GOAL OF THE EXERCISE :: The copy must hold every line from the one with "阻抗是固定的, 也就是电压与电流的比值, 就是电阻值R, 与频率无关." through the end of the listing, word for word, and must hold no pictures.

□ □ □ □ □

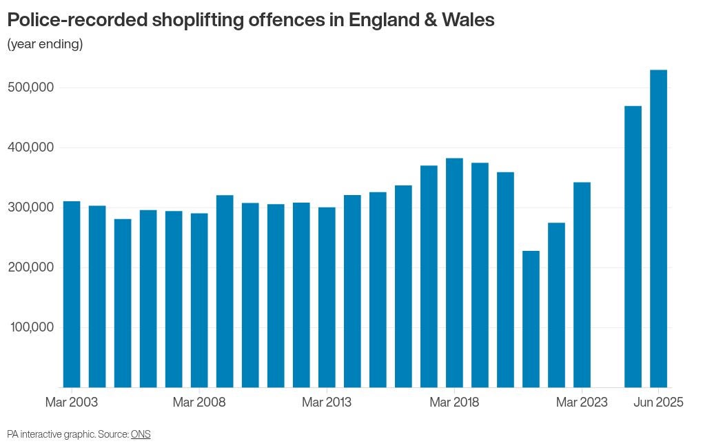 There were 519,381 shoplifting offences in the year to September 2025, up 5% from 492,660 the previous year.
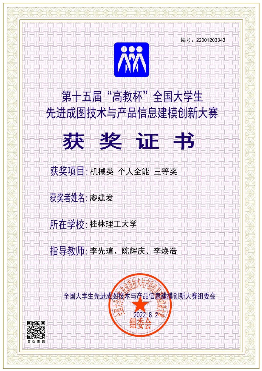 2、第十五届高教杯全国大学生先进成图技术与产品信息建模创新大赛国赛三等奖;
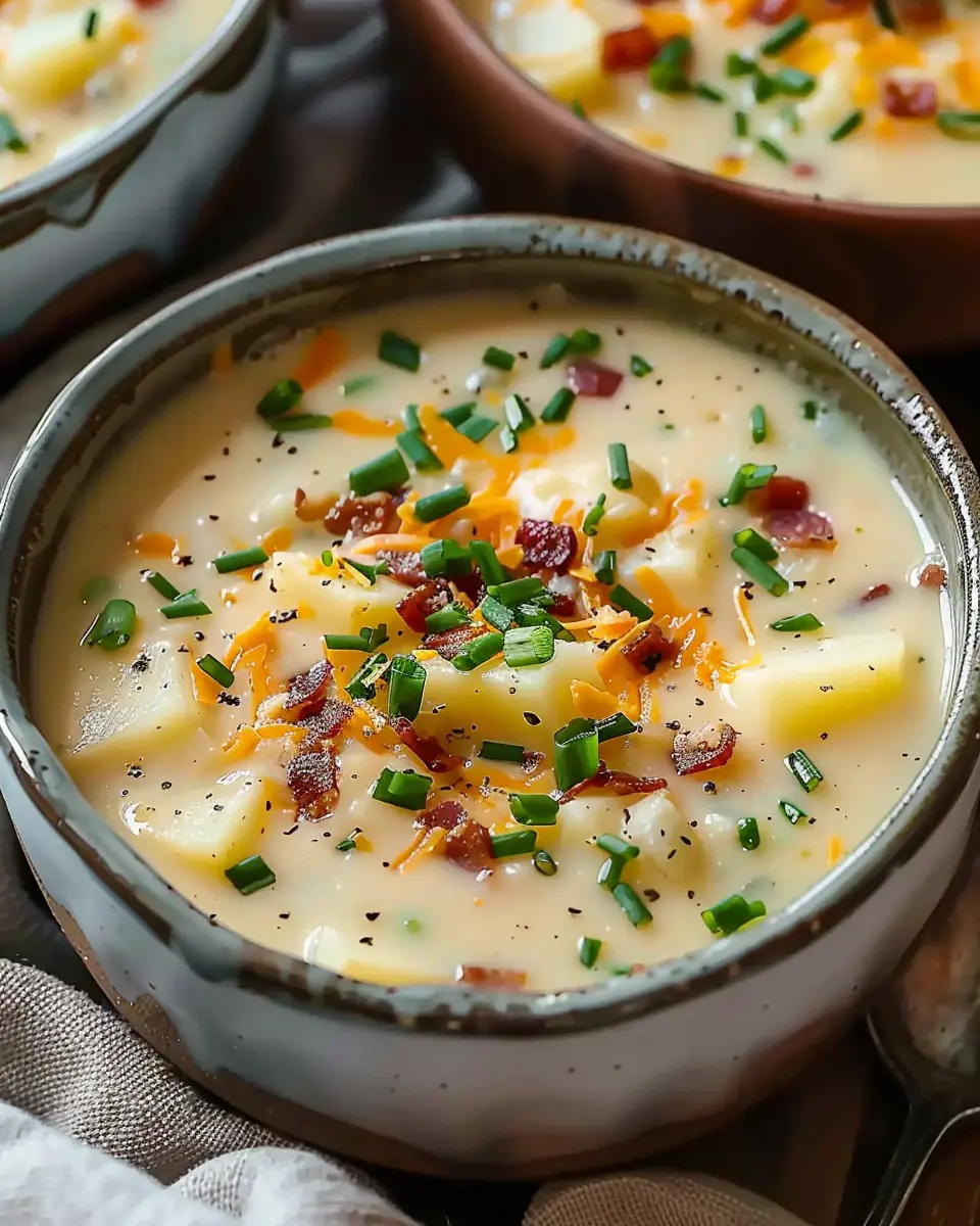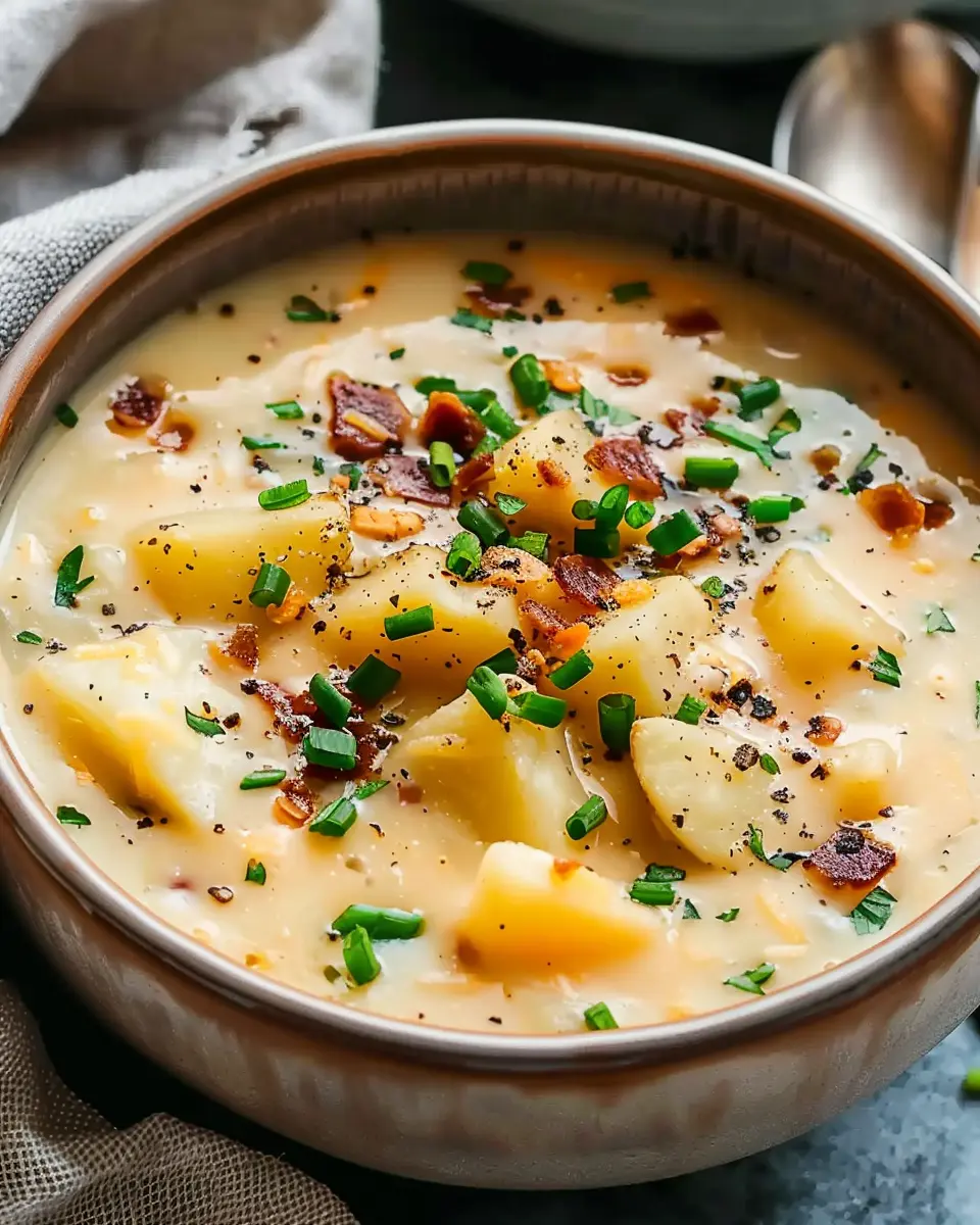 As you wrap up your culinary adventure with the best homemade loaded potato soup, take a moment to savor the satisfaction that comes from making this cozy dish. Serve it piping hot, topped with a drizzle of cream and sprinkled with freshly chopped chives or green onions.
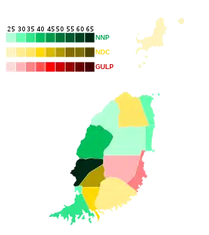 | Grenada United Labour Party | 11,608 | 26.55 | 2 | –2 | |
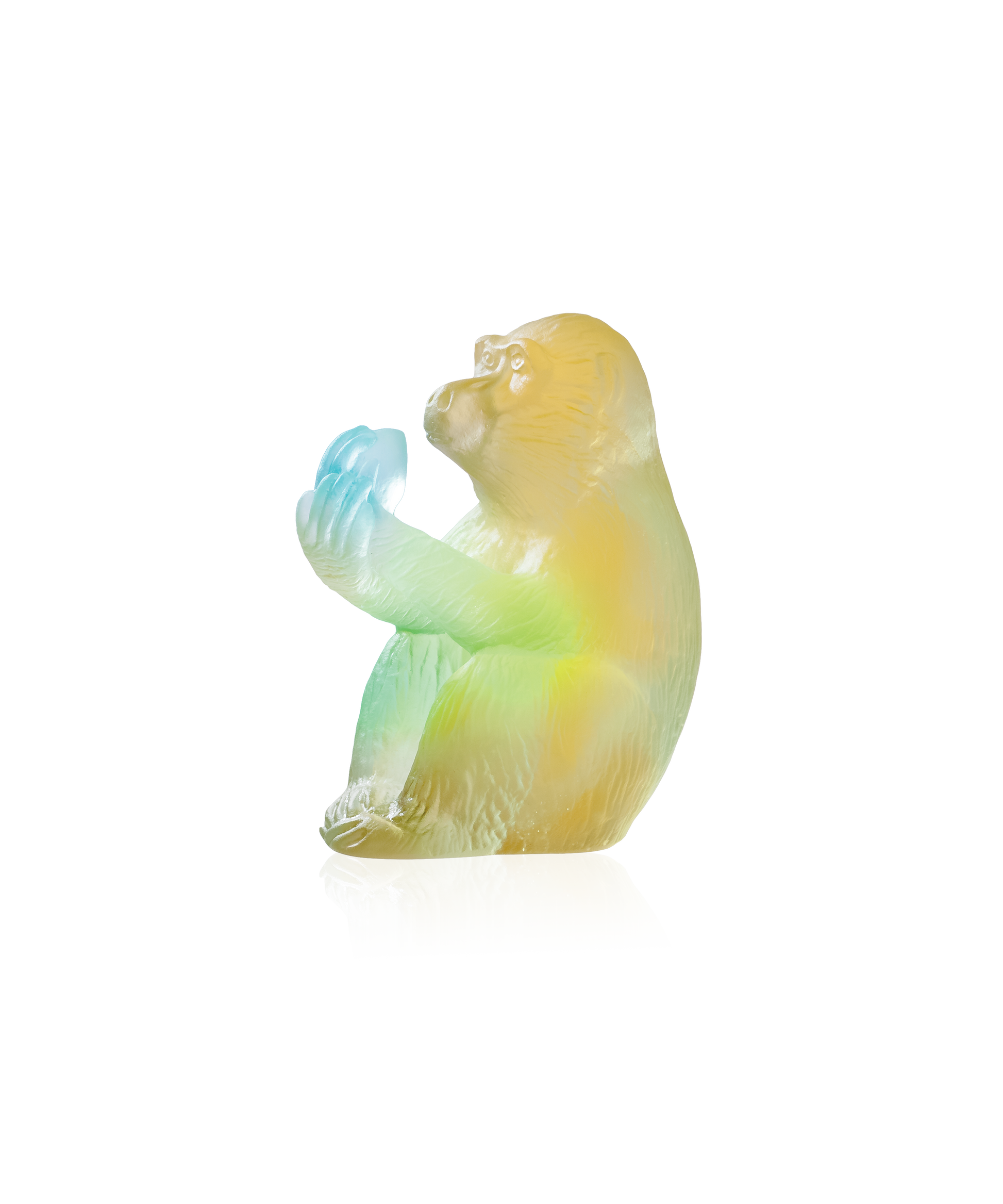 Inspired by the Chinese zodiac, this monkey sculpture evokes a scene of daily life in the tropical jungle. Masterfully crafted in pâte de verre, a centuries-old technique, the piece is distinguished by its blend of yellow and green colors, capturing the highlights of natural light. The monkey, clutching a peach, symbolizes curiosity and agility, and reveals a delicacy in the details. This Daum creation, both delicate and expressive, brings a touch of originality and elegance to your interior, inviting contemplation and daydreaming.
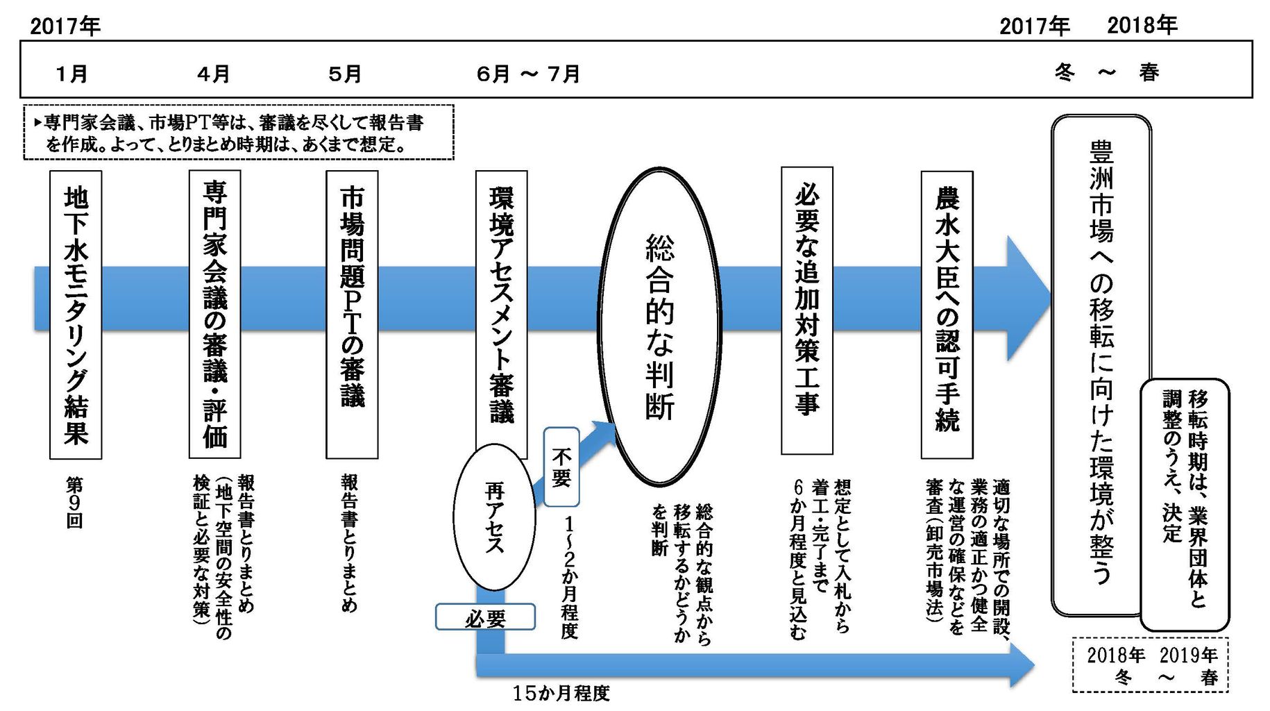 ここでまず参照すべきは、小池知事が示した豊洲市場移転に向けてのロードマップです。現在は市場問題PTでの審議が行われているわけですが、予定では、
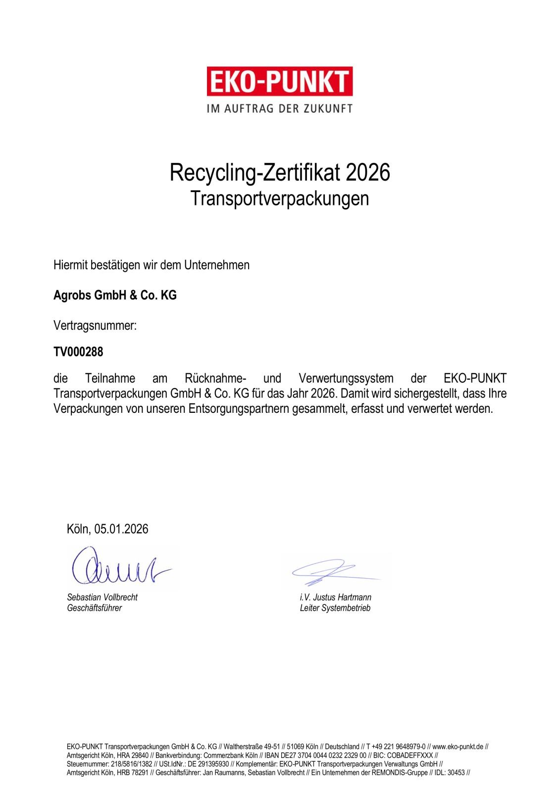 Die Entsorgung der von uns gelieferten Transportverpackungen wird von unserem dualen Systempartner EKO-PUNKT organisiert und ist für Sie kostenlos.Für nähere Informationen zur Abwicklung wenden Sie sich bitte an deren Hotline.
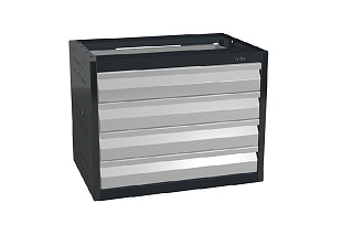 Со встроенной защелкой. Высота ящиков 90 и 180 мм. Возможные комбинации: 4 ящика по 90 мм; 2 ящика по 180 мм; 2 ящика по 90 мм и один 180 мм. Габаритные размеры: 556х430х380 мм. Вес: 20-25 кг. Макс. Нагрузка на ящик 40 кг.
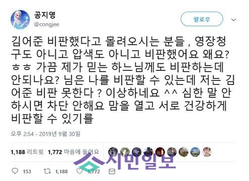 공지영 작가는 “김어준 비판했다고 몰려오시는 분들, (저는) 영장 청구를 한 것도 아니고 압수수색도 아니고 비판했다”면서 “제가 믿는 하느님도 가끔 비판하는데 (김어준을) 비판하면 안 되는 것인가”라고 반박했다. 이어 공 작가는 “(김어준) 님은 나를 비판할 수 있는데 나는 김어준을 비판 못한다는 것인가. 이상하다”며 “심한 말 안 하면 (나를 비판한 사람을) 차단 안 한다. 서로 건강하게 비판하길 바란다”고 덧붙였다.
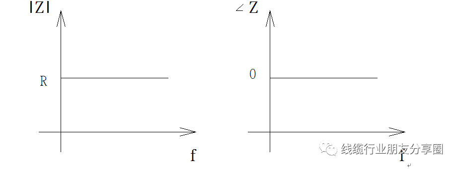 阻抗是固定的, 也就是电压与电流的比值, 就是电阻值R, 与频率无关.
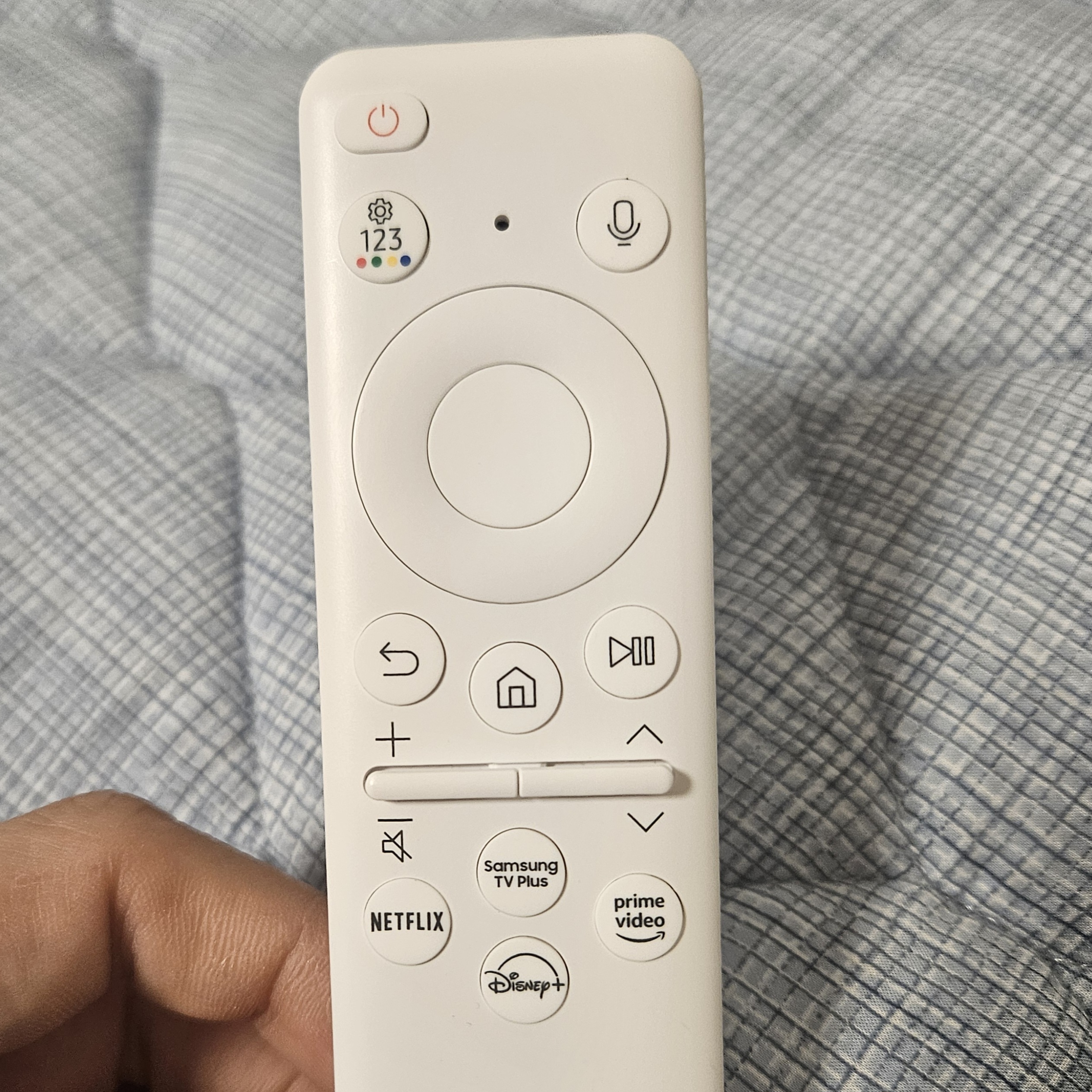 ▼제가 구매한 모델은 리모컨에 음성인식 기능도 있어 마이크모양을 누른 상태로 빅스비를 활성화시킬 수 있어 삼성가전을 스마트싱스에 연결했다면 스마트리모컨으로 제어도 할 수 있답니다.
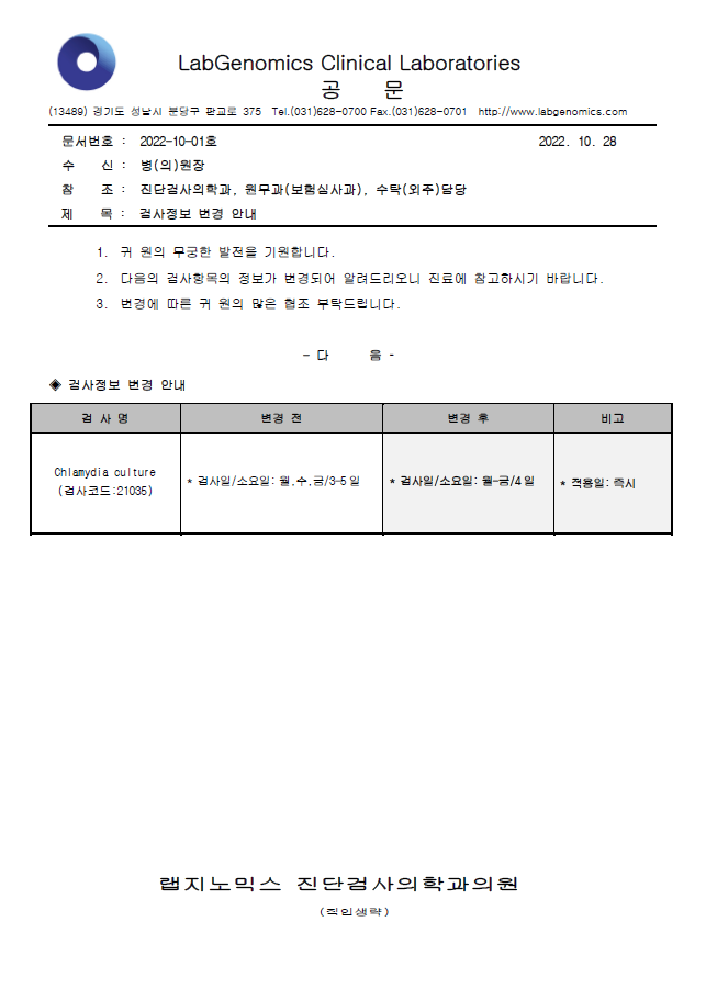 [공문] Chlamydia culture 검사정보 변경안내 슈퍼관리자 2022-10-28 09:00:00 슈퍼관리자 0 1379 2022.10.28 09:00 2025.03.21 14:02 공문2022-10-01호 검사정보 변경안내.pdf (87.8K) 1. 귀 원의 무궁한 발전을 기원합니다. 검사정보 변경이 있어 다음과 같이 알려드리오니 업무에 참고하시기 바랍니다. 2. 주요내용: - Chlamydia culture(검사코드:21035) : 검사일/소요일 변경안내 * 적용일시: 즉시

□ □ □ □ □

EXPECTED ANSWER ::
 阻抗是固定的, 也就是电压与电流的比值, 就是电阻值R, 与频率无关.
 ▼제가 구매한 모델은 리모컨에 음성인식 기능도 있어 마이크모양을 누른 상태로 빅스비를 활성화시킬 수 있어 삼성가전을 스마트싱스에 연결했다면 스마트리모컨으로 제어도 할 수 있답니다.
 [공문] Chlamydia culture 검사정보 변경안내 슈퍼관리자 2022-10-28 09:00:00 슈퍼관리자 0 1379 2022.10.28 09:00 2025.03.21 14:02 공문2022-10-01호 검사정보 변경안내.pdf (87.8K) 1. 귀 원의 무궁한 발전을 기원합니다. 검사정보 변경이 있어 다음과 같이 알려드리오니 업무에 참고하시기 바랍니다. 2. 주요내용: - Chlamydia culture(검사코드:21035) : 검사일/소요일 변경안내 * 적용일시: 즉시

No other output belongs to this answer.